Case Presentation: 44 year-old male with ESRD on HD complicated by tertiary hyperparathyroidism, possible calciphylaxis on treatment with sodium thiosulfate, possible adrenal insufficiency on steroids, antithrombin III deficiency with prior pulmonary and splenic infarcts on Coumadin who developed a diffuse cutaneous skin eruption during a recent admission after being on antibiotics for possible pneumonia. He was discharged to a SNF and presented two weeks later with hypotension and worsening rash. On exam, patient was found to have erythematous macules involving all four extremities including the palms, trunk and back which then became erupting vesicles that formed necrotic eschars over his extremities. A biopsy revealed small vessel leukocystoclastic vasculitis. Given the degree of his rash, he was transferred to our hospital for further management. On exam he was found to have retiform necrotic ulcerations with thick eschars on his extremities, as well as numerous purpuric macules coalescing into pat ches. Sheets of firm subcutaneous plaques were noted of the bilateral medial thighs and lower abdomen. APLS and cryoglobulins were negative. PTH and calcium were elevated. Xray imaging of his lower extremities showed ossification and foci with rim-like mineralization. Dermatology and Rheumatology were consulted and felt patient had leukocytoclasic vasculitis in the setting of calciphylaxis. Diagnosis of calciphylaxis was based on subcutaneous plaques consistent with calcium deposition and the xray imaging showing calcium deposition. They recommended tacrolimus cream for his vasculitis, as well as continued treatment with sodium thiosulfate for his calciphylaxis. Further, dermatology recommended to switch patient to apixaban.
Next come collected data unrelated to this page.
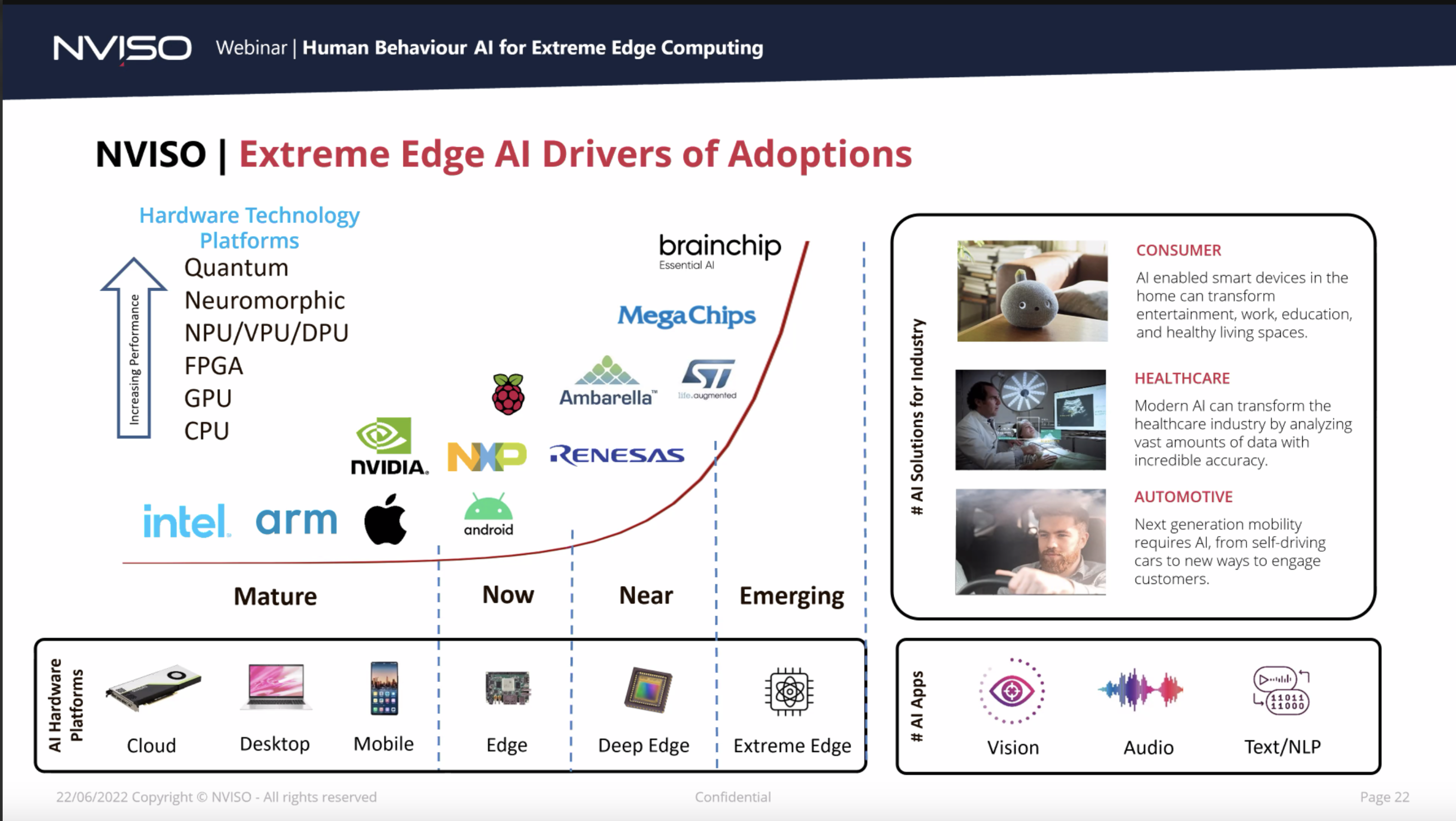 Great preso from Nviso. Biggest take away for me was during the Q&A. Nviso are software. Brainchip are hardware. You can‘t pitch to the major auto companies and/or OEM’s to put these products on the market without both software and hardware running on commercially available products. Nviso got to that point within months (not years like I was first thinking) by just adding Akida into the mix. Makes you think about how many other products are literally sitting on the verge of commercialisation that could get across the line very quickly by combining with Akida.
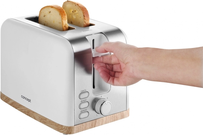 De Concept Elwood TE2015 broodrooster is uitgerust met een automatische centreren functie die ervoor zorgt dat de snede brood altijd gelijkmatig wordt geroosterd. Dankzij de hoge uitwerpfunctie kan de toast eenvoudig en veilig worden verwijderd, terwijl de antislipvoetjes zorgen voor maximale stabiliteit tijdens gebruik.
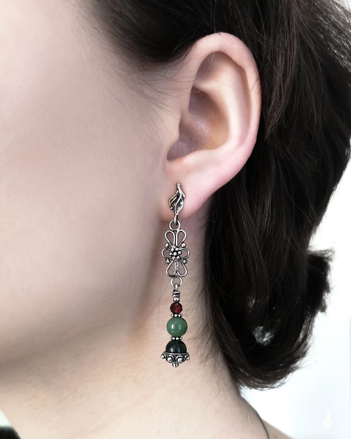 Kolczyki Scarlett, agat mszysty, granat, srebro 925, kolekcja Przeminęło z Wiatrem
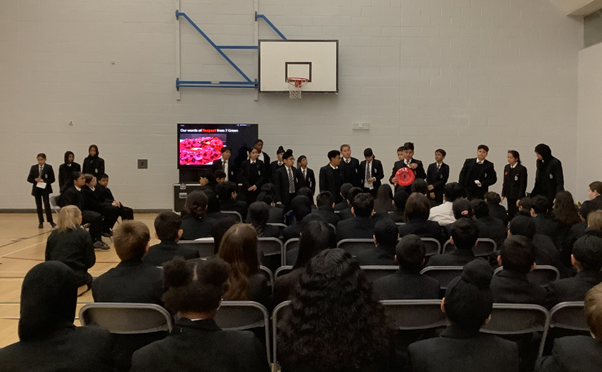7 Green’s Remembrance Day assembly was a tribute to those who have served and sacrificed in times of war. The performance combined dance, poetry, drama, and heartfelt words of respect to honour the courage and resilience of veterans and those affected by conflict. Through expressive dance, students conveyed the emotional weight of remembrance, while poems were written by Khadijah and Harisrat and brought stories of bravery and loss to life. The assembly concluded with reflective words that were placed in a poppy wreath created by Harikat. Well done 7 Green!
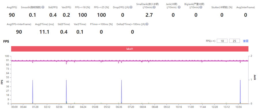 首先是《王者荣耀》,游戏设置为超高帧率、超高分辨率、高清画质,通过PerfDog来进行游戏数据检测,在游戏过程中帧率表现非常稳定,是一条直线状态,一局游戏结束平均帧率为90FPS。

Discussion: This case is relevant to internal medicine physicians as it demonstrates the importance of diagnosing calciphylaxis, and identifying risk factors that may contribute to this disease process. Calciphylaxis is characterized by calcification and occlusion of the microvasculature in the subcutaneous adipose and dermal tissue, and is most commonly seen in patients with ESRD. Classic presentation is of intensely painful skin lesions which appear as plaques, nodules, livedo or purpura which rapidly progress to necrotic ulcers with eschars, similar to our patient’s presentation. There are a many risk factors associated with calciphylaxis including obesity, DM, hypercalcemia, hyperparathyroidism, hypercoagulable states, autoimmune disorders, and medications including corticosteroids, coumadin, and heparin. A diagnosis can be presumed in a patient with ESRD who presents with necrotic ulcers and palpable subcutaneous plaques. Treatment focuses on eliminating risk factors, as in our patient. His Coumadin and steroids were stopped, and his tertiary hyperparathyroidism was treated with cinacalcet and sodium thiosulfate. Despite addressing modifiable risk factors and treating with sodium thiosulfate, calciphylaxis ultimately carries a poor prognosis.
Conclusions: Calciphylaxis is a feared complication of ESRD that is associated with extremely poor outcomes. It is a rare and challenging diagnosis to make but if suspected efforts should be made to avoid worsening the condition.